SOURCE MATERIAL =
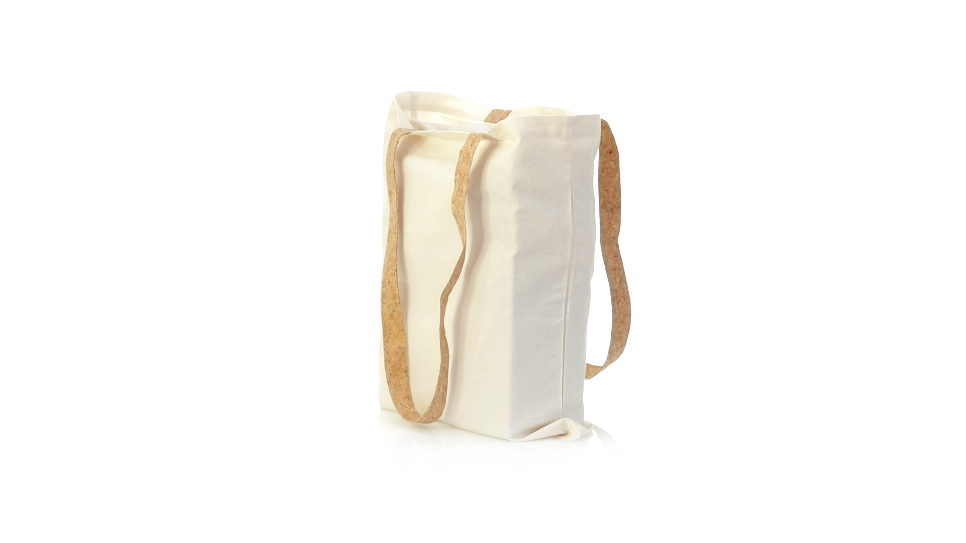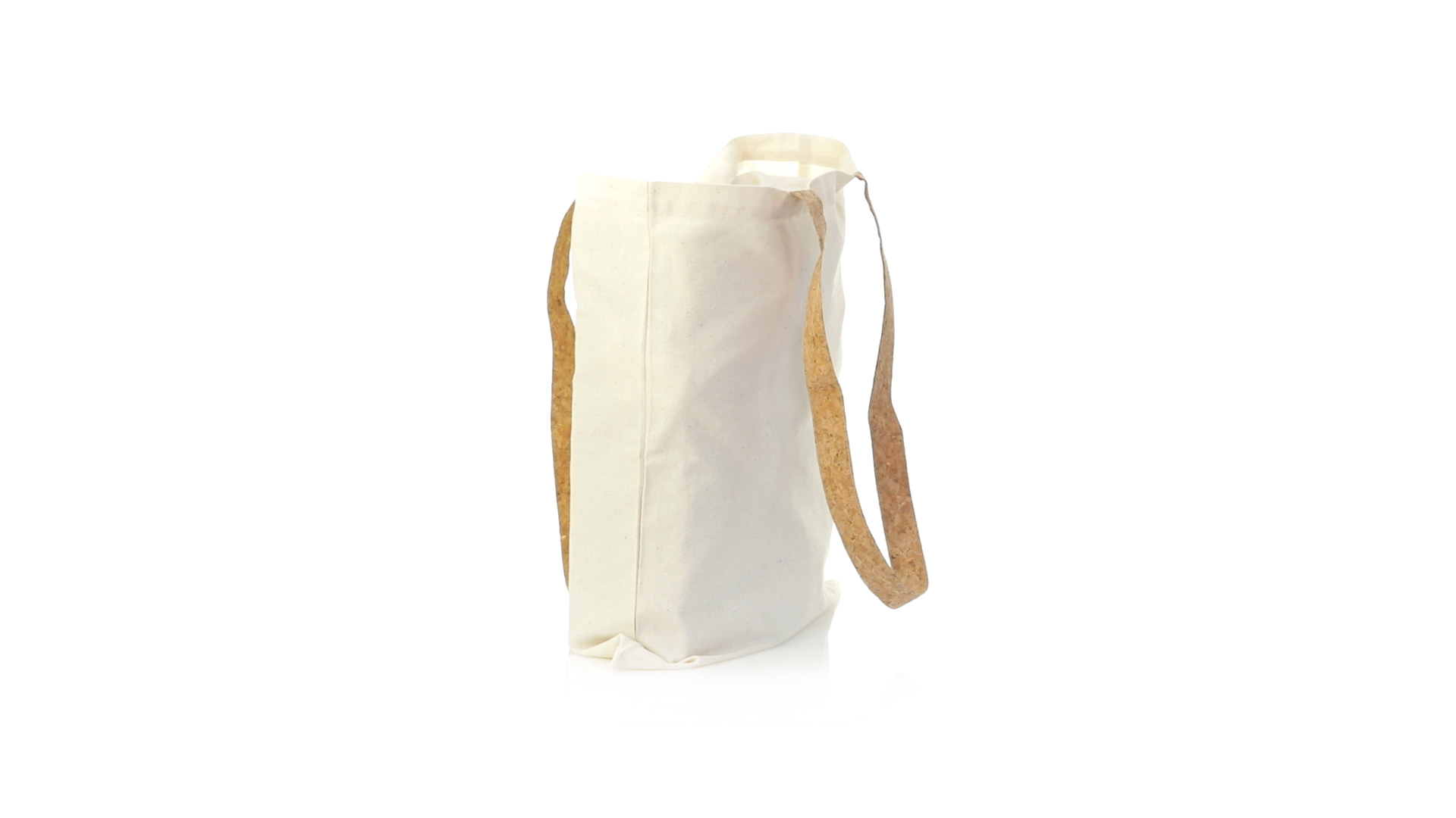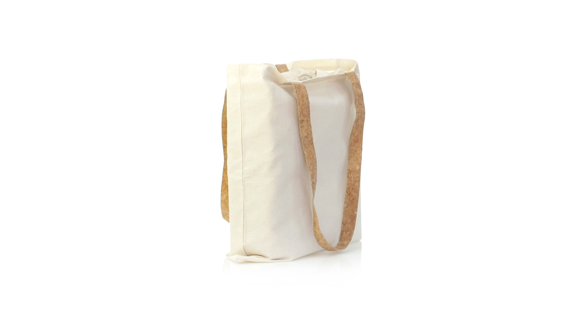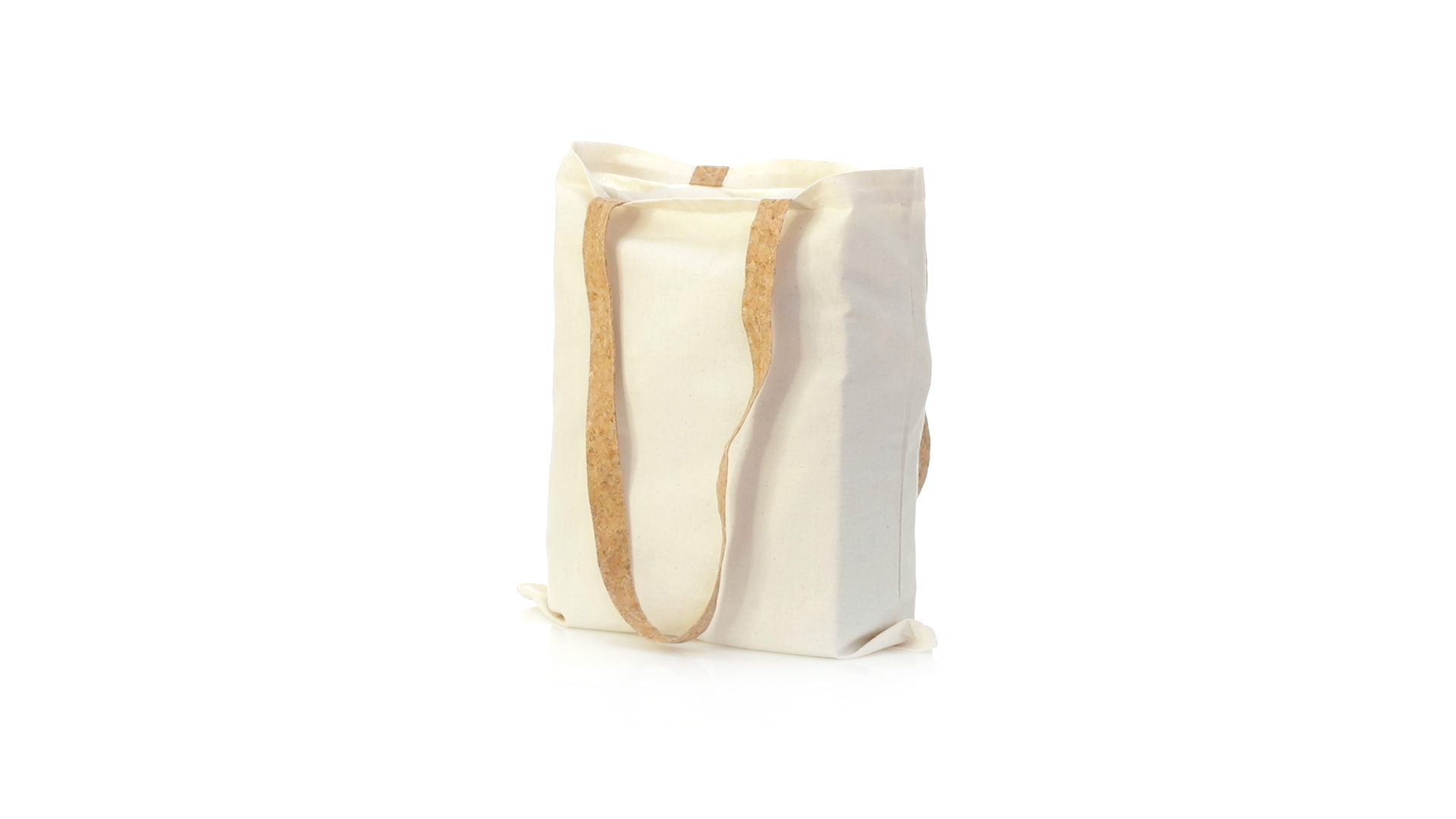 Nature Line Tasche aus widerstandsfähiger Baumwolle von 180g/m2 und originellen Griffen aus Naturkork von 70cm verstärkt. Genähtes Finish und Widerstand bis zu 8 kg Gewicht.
--
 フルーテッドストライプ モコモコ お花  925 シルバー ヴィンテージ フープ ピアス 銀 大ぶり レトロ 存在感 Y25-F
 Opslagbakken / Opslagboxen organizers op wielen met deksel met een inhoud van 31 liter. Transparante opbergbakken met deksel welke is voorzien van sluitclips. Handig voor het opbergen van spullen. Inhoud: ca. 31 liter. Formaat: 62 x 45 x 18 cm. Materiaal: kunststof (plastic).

WORK TO COMPLETE = From the records above, reproduce exactly the lines from the one with "フルーテッドストライプ モコモコ お花  925" to the one with "Opslagbakken / Opslagboxen", both included, and no others.

SOLUTION TO THE EXERCISE =
 フルーテッドストライプ モコモコ お花  925 シルバー ヴィンテージ フープ ピアス 銀 大ぶり レトロ 存在感 Y25-F
 Opslagbakken / Opslagboxen organizers op wielen met deksel met een inhoud van 31 liter. Transparante opbergbakken met deksel welke is voorzien van sluitclips. Handig voor het opbergen van spullen. Inhoud: ca. 31 liter. Formaat: 62 x 45 x 18 cm. Materiaal: kunststof (plastic).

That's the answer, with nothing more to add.